Het werd gepubliceerd in Parijs in april 1864.
Het is een van de basiswerken van het spiritisme, en een boek dat meer aandacht schenkt aan ethische en gedragsproblemen van de mens.
Hierin worden de canonische evangeliën benaderd vanuit het perspectief van de spiritistische leer, waarbij speciale aandacht wordt besteed aan de toepassing van de principes van christelijke moraliteit en religieuze kwesties zoals gebed en naastenliefde.
In de inleiding van het werk verdeelt Kardec op een didactische wijze de canonische evangeliën in vijf delen: de gewone handelingen van Jezus leven, de wonderen, de voorspellingen, de woorden die als basis voor dogma’s dienden, en de morele leerstellingen. Volgens Kardec, waren de eerste vier in de geschiedenis het onderwerp van grote controverses, is de laatste voor de meeste geleerden een vreedzaam punt geweest.

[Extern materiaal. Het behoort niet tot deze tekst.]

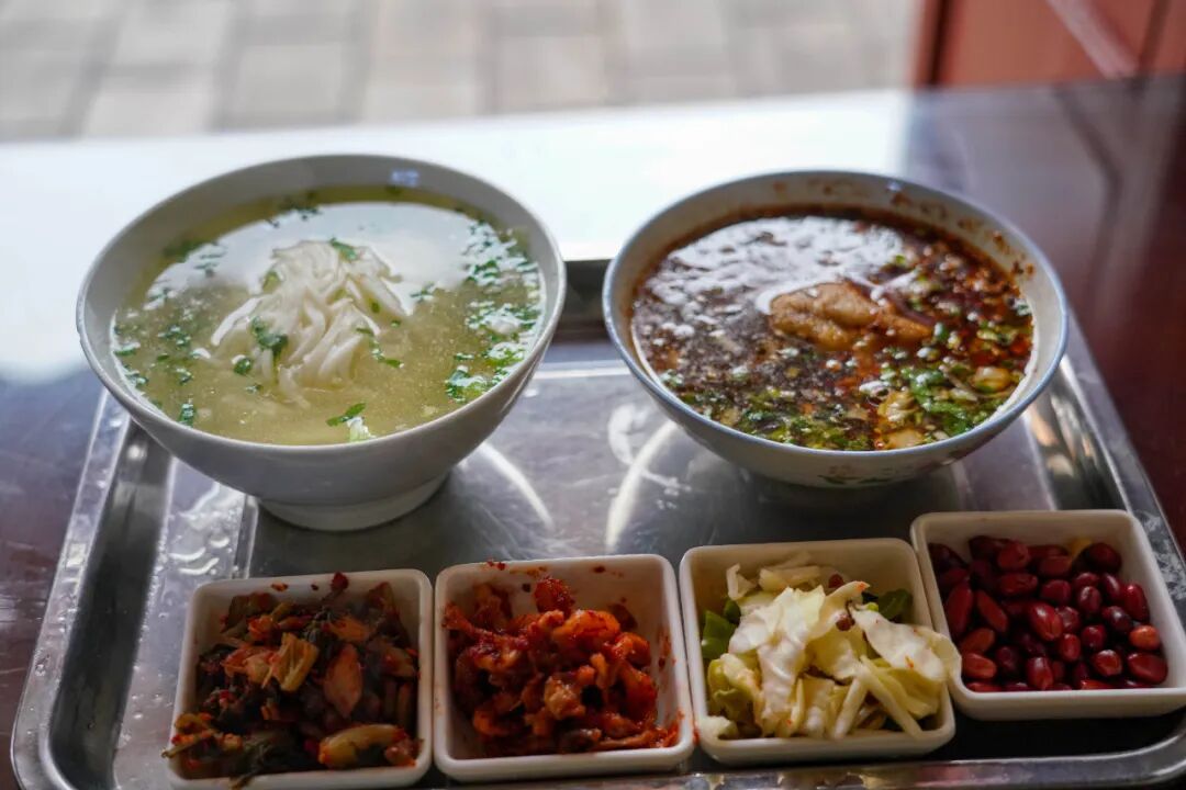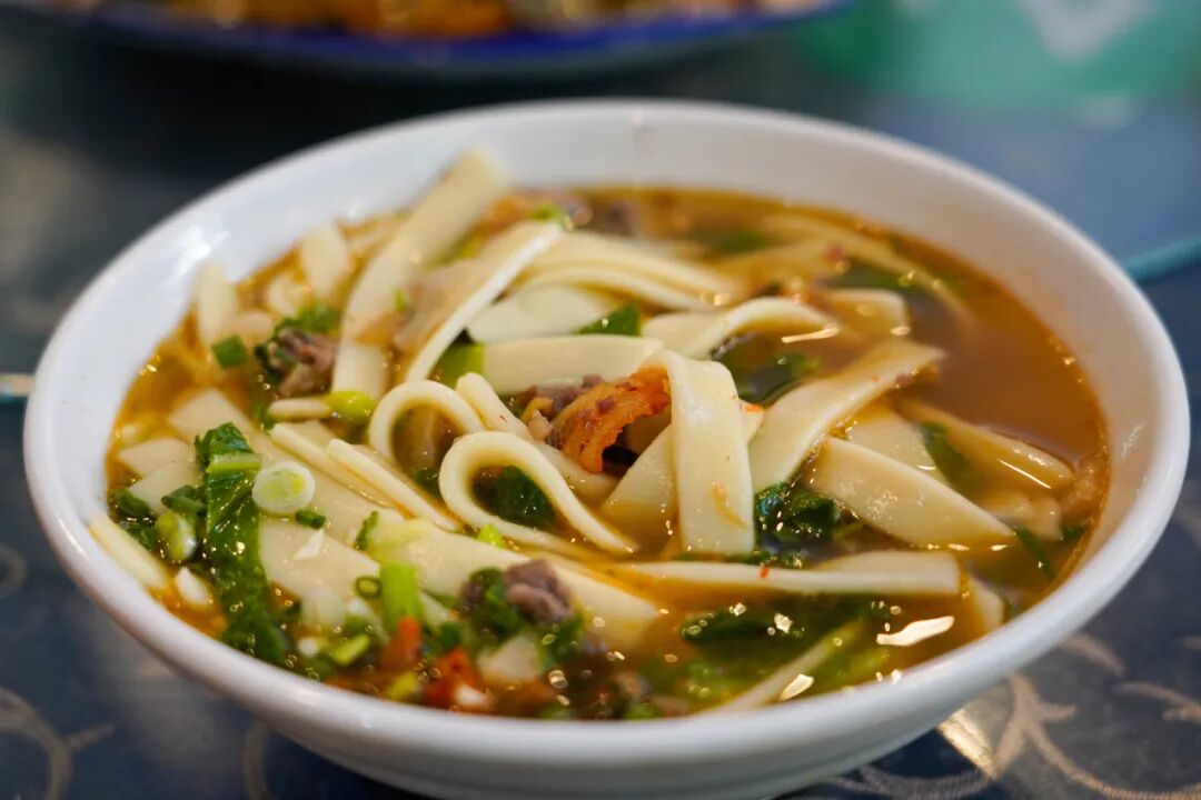 煮好的餌絲,加上爛而不散的??肉,加入蔥花、辣椒等佐料,配上泡菜和腌菜,口感恰到好處。
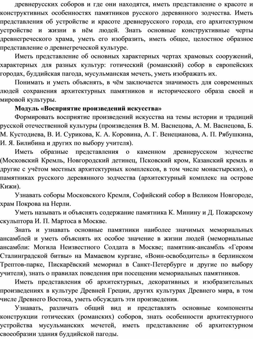 Важнейшей задачей является формирование активного, ценностного отношения к истории отечественной культуры, выраженной в её архитектуре, изобразительном искусстве, в национальных образах предметно-материальной и пространственной среды, в понимании красоты человека.

Het is dus specifiek op dit deel dat Kardec een spiritistische blik heeft. In plaats van de bedoeling te hebben een ‘spiritistische bijbel’ te creëren of zelfs maar te streven naar een spiritistische herinterpretatie van dit heilige boek, streeft Kardec ernaar universele ethische en morele principes uit de evangeliën te halen en overeenstemming te tonen met hetwelk verdedigd worden door spiritisme. In het grootste deel van het werk wordt de beroemde Franse vertaling van Lemaistre de Sacy (1613-1684) gebruikt. Uiteindelijk, om verschillen op te lossen, richtte Kardec zich op Grieks en Hebreeuws.
Het werk omvat ook een studie naar de rol van voorlopers van het christendom en spiritisme, zoals Socrates en Plato, waarbij verschillende passages worden geanalyseerd die zijn achtergelaten door deze filosofen en die deze voorwaarde duidelijk zouden aantonen.